Instructions to follow: Without any images, write the data out exactly as it appears.

Exercise data:
------------------------------------------------------------------------

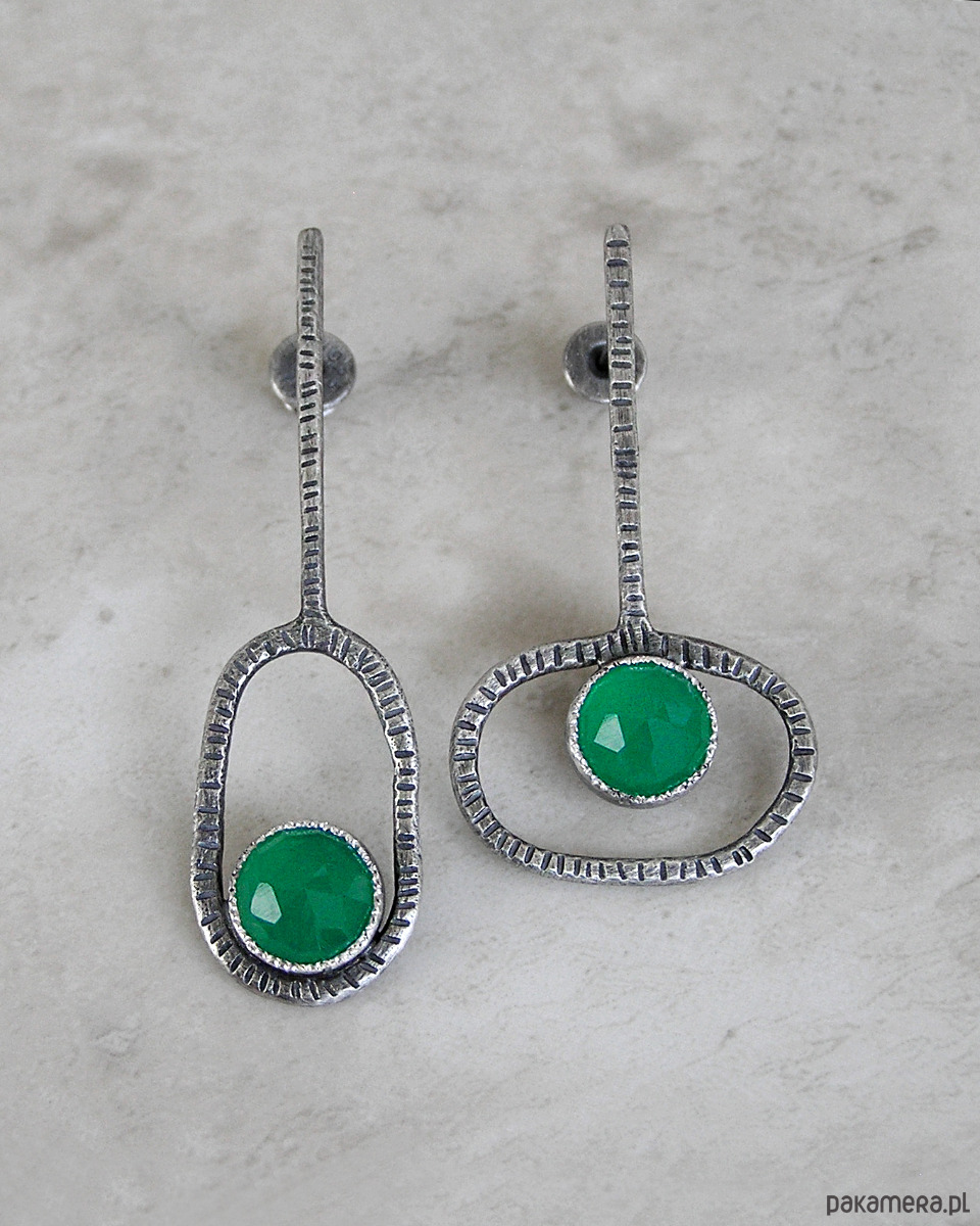 Nowoczesne asymetryczne kolczyki- srebro 925, zielone agaty
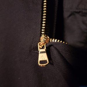 Black pants extra stretchy with good thick elastic band around waist. Front closure, uses two gold tone zippers. Two mock rear pockets. Versatile pants can be worn with top and boots or put on some heels and cute top and go out on a date or party.
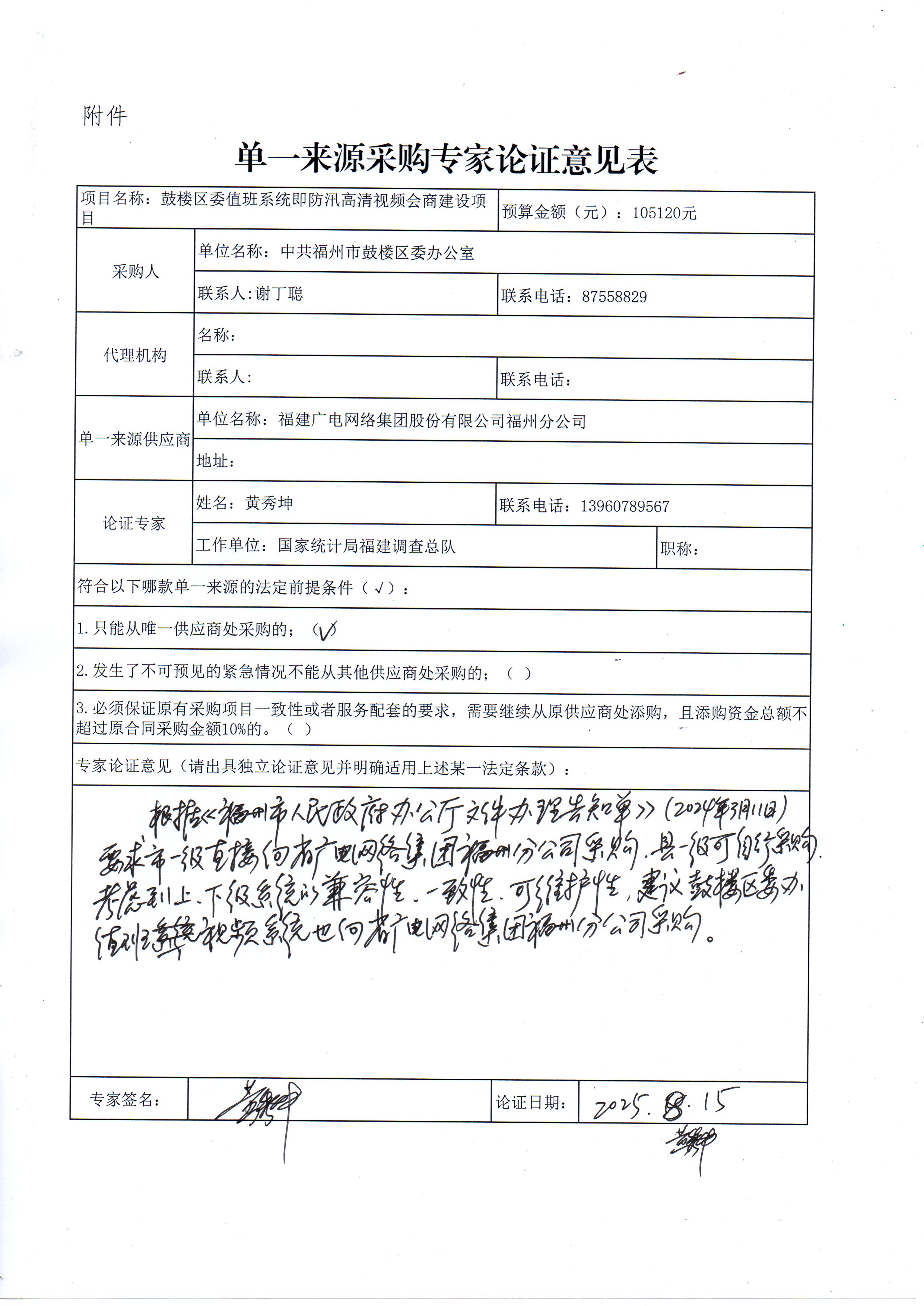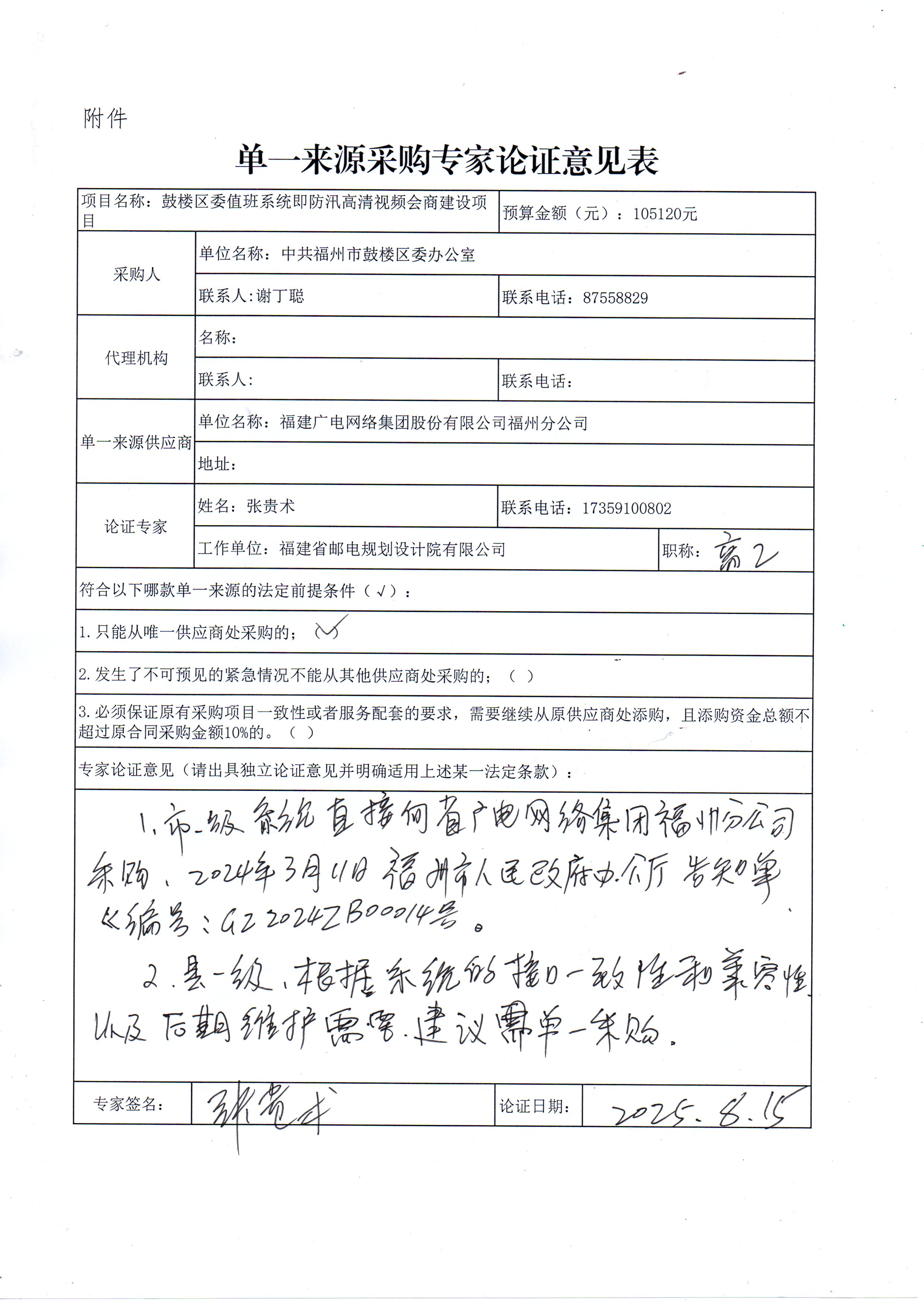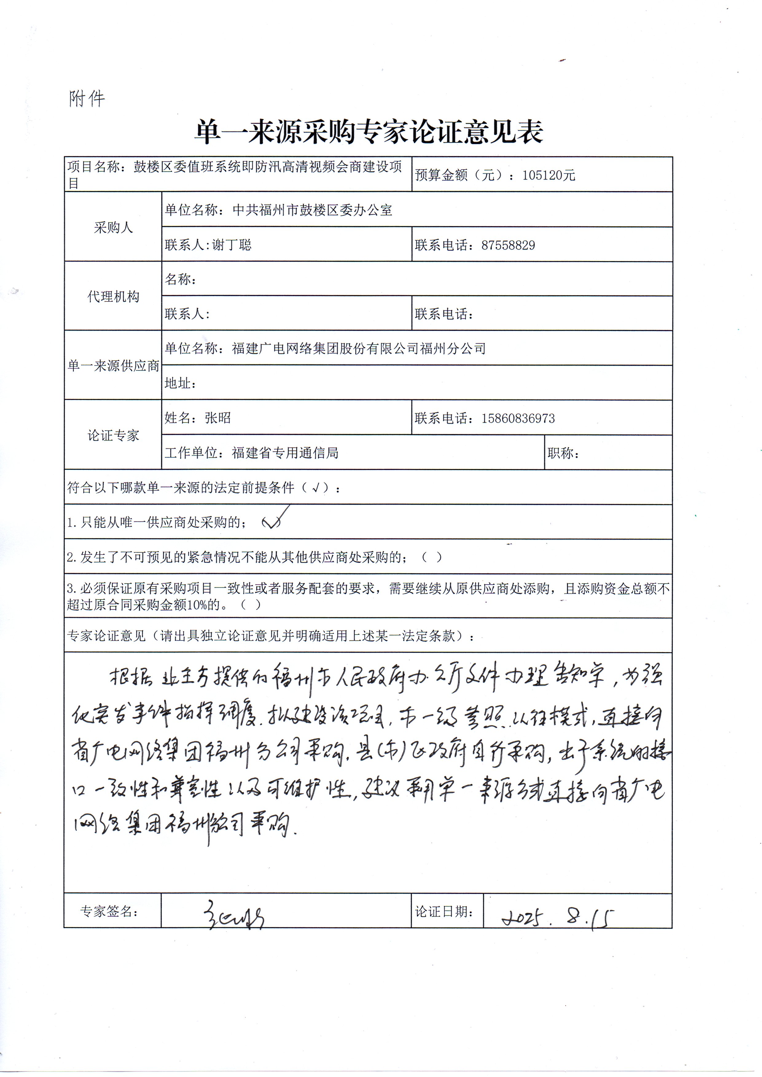 单一来源采购专家论证意见表三份

------------------------------------------------------------------------

Answer to this exercise:
 Nowoczesne asymetryczne kolczyki- srebro 925, zielone agaty
 Black pants extra stretchy with good thick elastic band around waist. Front closure, uses two gold tone zippers. Two mock rear pockets. Versatile pants can be worn with top and boots or put on some heels and cute top and go out on a date or party.
 单一来源采购专家论证意见表三份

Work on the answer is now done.